== PROMPT ==
Produce exactly the lines from the one holding "Jam kerja bulanan" through the last line of the data below, with every picture left out.

DATASET RECORDS Block Start

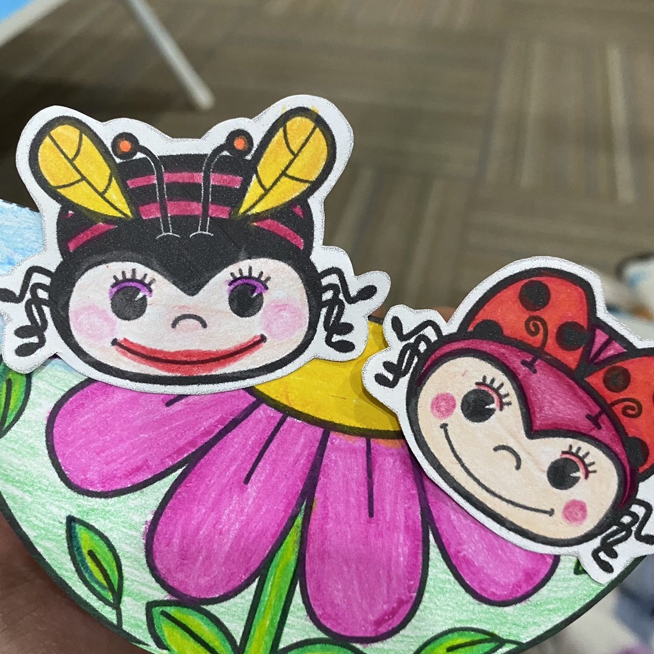 ต่อมาเป็นกิจกรรมวันพุธ กิจกรรมของวันนี้น้อง ๆ จะได้ระบายสีแมลงเต่าทอง บางคนบอกหนูเอาตัวเดียวได้ไหม อยากได้แค่ตัวเดียว บอกแบบนี้กันทีไรพอทำจริง ๆ ก็ทำกันสองตัวตลอดค่ะเพราะเมื่อเห็นเพื่อน ๆ ทำกันแล้วอาจจะอยากให้มันมีสองตัวเหมือนเพื่อน แต่บางคนก็อยากได้แมลงเต่าทองเพิ่มนะคะ แต่ไม่ได้แล้วลูก ถ้าติดสามตัวแมลงเต่าทองอึดอัดแน่ ๆ ฮ่า ๆ
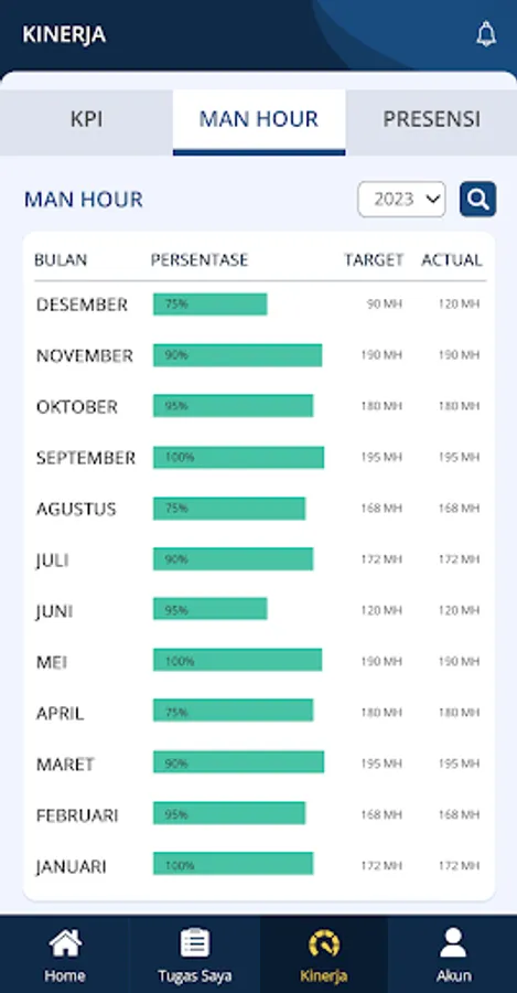 • Jam kerja bulanan
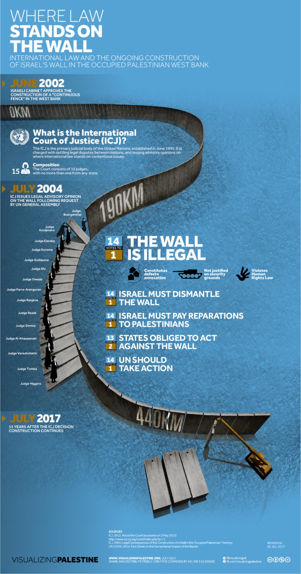 [Updated July 2017] In June 2002, the Israeli cabinet approved the construction of a "continuous fence" in the West Bank. In July 2004, the International Court of Justice (ICJ) declared this barrier illegal, choosing to refer to it as a "wall". The infographic ‘Where Law Stands on the Wall’ describes the detail of ICJ's decision. Today, 13 years on, and despite wide condemnation, little has been done by the international community to hold the Israeli government accountable for its ongoing disregard of international law.
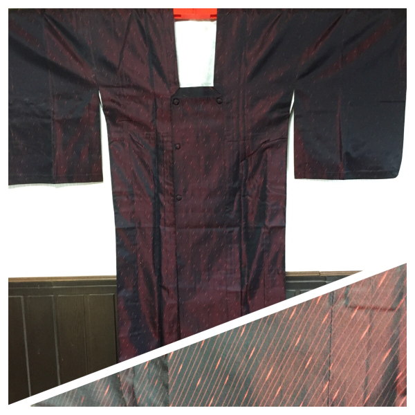 - 【雨ゴート】ポリエステル 着丈128.5cm 黒地に臙脂の線
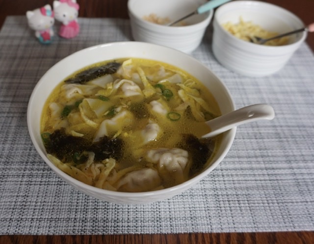 大概我没有写清楚让你误会,我没有发羌饼的图,是餐馆里的墨西哥鸡肉芝士夹饼。这进口的野生黄鱼不知道你们新加坡有没有卖,非常好吃。我的鸡汤小馄饨让我先生真的是吃的非常满意,他说:在家工作来有一顿美味佳肴真的是太好了~~

DATASET RECORDS Block End

== YOUR RESPONSE ==
 • Jam kerja bulanan
 [Updated July 2017] In June 2002, the Israeli cabinet approved the construction of a "continuous fence" in the West Bank. In July 2004, the International Court of Justice (ICJ) declared this barrier illegal, choosing to refer to it as a "wall". The infographic ‘Where Law Stands on the Wall’ describes the detail of ICJ's decision. Today, 13 years on, and despite wide condemnation, little has been done by the international community to hold the Israeli government accountable for its ongoing disregard of international law.
 - 【雨ゴート】ポリエステル 着丈128.5cm 黒地に臙脂の線
 大概我没有写清楚让你误会,我没有发羌饼的图,是餐馆里的墨西哥鸡肉芝士夹饼。这进口的野生黄鱼不知道你们新加坡有没有卖,非常好吃。我的鸡汤小馄饨让我先生真的是吃的非常满意,他说:在家工作来有一顿美味佳肴真的是太好了~~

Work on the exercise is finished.